O quão fácil é, para aqueles que são cristãos como eu, nos deixarmos seduzir pela graça barata. Sim, pois tendo-a como favor imerecido de Deus, nos sentimos livres de sermos ao menos exemplos morais para o mundo que nos cerca – antes nos entregamos aos jogos de poder. E veja, caríssimo leitor, exemplos morais não são moralismo; não basta sermos meros repetidores de regras que se aplicam a gregos e troianos, menos a nós. O exemplo moral não é um discurso, é uma conduta.

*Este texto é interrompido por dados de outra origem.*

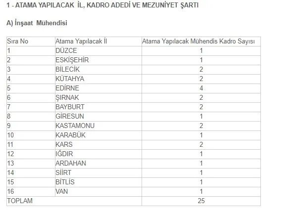 Son müracaat tarihi itibarıyla fakültelerin veya denkliği Yükseköğretim Kurulunca onaylanmış yurt içi veya yurt dışındaki yükseköğretim kurumlarının İnşaat Mühendisliği (YÖKSİS Kayıt No:3468) bölümünden mezun olmak.
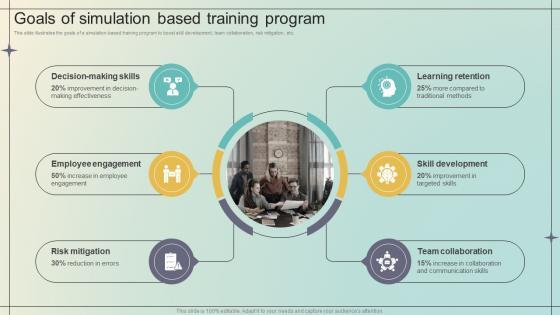 This slide illustrates the goals of a simulation-based training program to boost skill development, team collaboration, risk mitigation, etc. Whether you have daily or monthly meetings, a brilliant presentation is necessary. Immersive Training For Practical Goals Of Simulation Based Training Program DTE SS V can be your best option for delivering a presentation. Represent everything in detail using Immersive Training For Practical Goals Of Simulation Based Training Program DTE SS V and make yourself stand out in meetings. The template is versatile and follows a structure that will cater to your requirements. All the templates prepared by Slidegeeks are easy to download and edit. Our research experts have taken care of the corporate themes as well. So, give it a try and see the results. This slide illustrates the goals of a simulation-based training program to boost skill development, team collaboration, risk mitigation, etc.

É um desafio de cada dia não sucumbirmos ao disfarce nominal sem transformação real. Em tempos em que colocar “cristão” em perfil de redes sociais se tornou sinal de identificação política – ou seja, da expressão mais reles da graça barata – é sempre bom relembrarmos que Cristo não é de direita ou de esquerda, conservador ou progressista – ainda que consigamos projetar algumas características de nossa visão de mundo (ou preferências políticas) no comportamento de Jesus Cristo – como, inclusive, eu mesmo já fiz em artigo aqui, nesta Gazeta do Povo. Para todos os efeitos, devemos lembrar que o Estado é, sempre, ministro (servo) de Deus para correção, não para bênção (Rm 13:1-7). Portanto, é necessário, imprescindível até, que nos demos conta da admoestação de Bonhoeffer, ao dizer, em sentido contrário, que:
A graça preciosa é o tesouro oculto no campo, por amor do qual o homem sai e vende com alegria tudo quanto tem; a pérola preciosa, para cuja aquisição o comerciante se desfaz de todos os seus bens; o senhorio régio de Cristo, por amor do qual o homem arranca o olho que o faz tropeçar; o chamado de Jesus Cristo, pelo qual o discípulo larga suas redes e o segue. A graça preciosa é o Evangelho que se deve procurar sempre de novo, o dom pelo qual se tem que orar, a porta à qual se tem que bater. Essa graça é preciosa porque chama ao discipulado, e é graça por chamar ao discipulado de Jesus Cristo; é preciosa por custar a vida ao homem, e é graça por, assim, lhe dar a vida; é preciosa por condenar o pecado, e é graça por justificar o pecador. Essa graça é, sobretudo, preciosa por ter sido preciosa para Deus, por ter custado a Deus a vida de seu Filho – “fostes comprados por preço” – e porque não pode ser barato para nós aquilo que custou caro para Deus. A graça é preciosa sobretudo porque Deus não achou que seu Filho fosse preço demasiado caro para pagar pela nossa vida, antes o deu por nós. A graça preciosa é a encarnação de Deus. A graça preciosa é a graça como santuário de Deus, que tem que ser preservado do mundo, não lançado aos cães; e por isso é graça como palavra viva, a Palavra de Deus que ele próprio pronuncia de acordo com seu beneplácito. Chega até nós como gracioso chamado ao discipulado de Jesus; vem como palavra de perdão ao espírito angustiado e ao coração esmagado. A graça é preciosa por obrigar o indivíduo a sujeitar-se ao jugo do discipulado de Jesus Cristo. As palavras de Jesus: “O meu jugo é suave e o meu fardo é leve” são expressão da graça.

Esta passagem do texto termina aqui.